А через три дня ей позвонил Дэниел Сегачян и сказал, что у них возникли проблемы с финансированием ее проекта.
– Всего каких-то три минуты унижений, – уговаривала ее Сюзанна, в обеденный перерыв заглянув к ней в кабинет. – Неужели ты действительно не понимаешь? Три минуты, и все сразу поймут, что на самом деле ты никуда уходить не собиралась. И Пол сразу поймет, что ничего дурного ты в виду не имела. Или ты, черт побери, и впрямь собралась уйти? Да ладно тебе. Смирись. Преклони перед королем колена. Попроси прощения. Пол просто обожает подобную чушь.
Почему ей тогда казалось, что поступить так совершенно невозможно, недопустимо?
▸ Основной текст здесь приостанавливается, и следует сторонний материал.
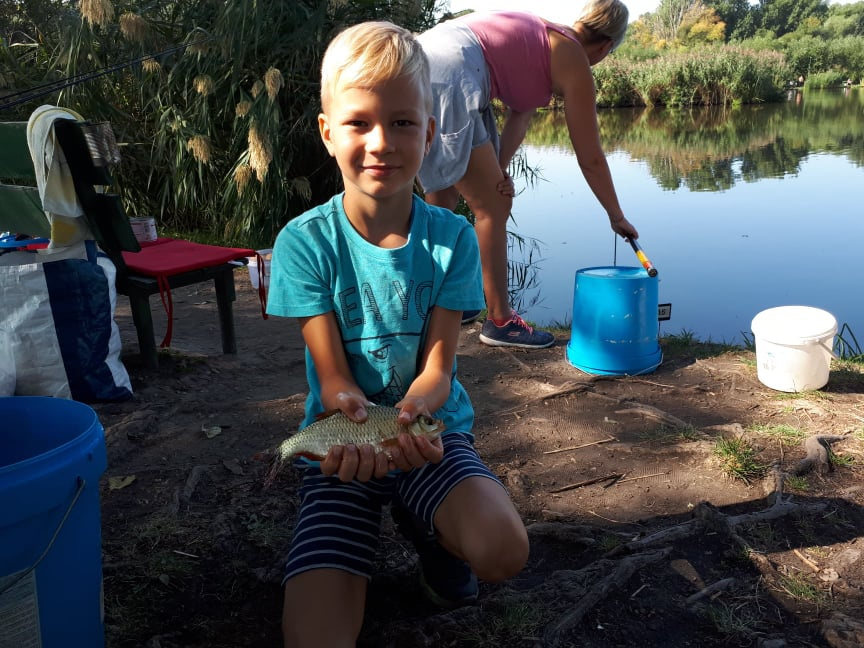 Az indulók között volt, aki most fogott életében először horgászbotot a kezébe, és volt olyan tapasztalt versenyző is a most harmadik osztályos Bence személyében, aki már második versenyén vett részt. Amikor odamegyek hozzá, épp a 22. halát fogja ki és teszi a vödörbe, ami tele van snecikkel (vagy hivatalos nevén: küsszel) és keszeggel. Édesapja, Károly elmesélte, hogy a kisfiút már egyéves kora óta viszi magával a horgászatokra, amiket eleinte a hordozóból figyelt. Négyévesen aztán már ö maga is horgászbotot ragadott, és azóta megállíthatatlan, ha a halakról van szó. Itt, a tárnoki tónál is sorra fogja egymás után a halakat. Mint mondja, szereti őket fárasztani és kifogni őket. A kisebbeket aztán visszadobják, a nagyobbakat pedig hazaviszik magukkal. De ha épp nem akad semmi sem a horgára, akkor is szeret a természetben, a vízparton üldögélni, mert van ez is olyan jó, sőt, még jobb, mint hogy a kütyüket nyomkodja otthon. Édesanyja, Viki is azt meséli, örül, hogy kisfiának ez az egyik hobbija, mert közben a friss levegőn lehet, kikapcsolódhat, pihenhet egyet, és szép élményeket szerezhet a természetben. "Ha épp nem fog semmit sem, akkor is volt, hogy látott teknősöket, vízisiklót. Így tudja igazán megismerni és megszeretni a természetet."

После разговора с Сюзанной Кэрол отправилась на регулярную встречу со своими тремя сотрудниками, проходившими постдокторантуру и вместе с ней работавшими над альфа-проектом, связанным с протеинкиназой С. Встреча проходила в комнате, за окном которой был маленький квадратный псевдояпонский садик. Минималистские бетонные скамьи, прямоугольный прудик, сирень и китайская груша с округлой кроной. Ветер чуть морщил поверхность воды в прудике. Кэрол чувствовала, как трудно ей сосредоточиться на предмете обсуждения. В голову почему-то лезли воспоминания о последней прогулке, которую они совершили по Провинстауну с Айшей. И о горбатых китах, что плавают близ заповедника Стеллваген-Бэнк. Три тысячи миль в год по морям, где на глубине в 40 морских саженей царит вечная ночь, проплывают эти киты, точно заградительные буйки над подводными хребтами…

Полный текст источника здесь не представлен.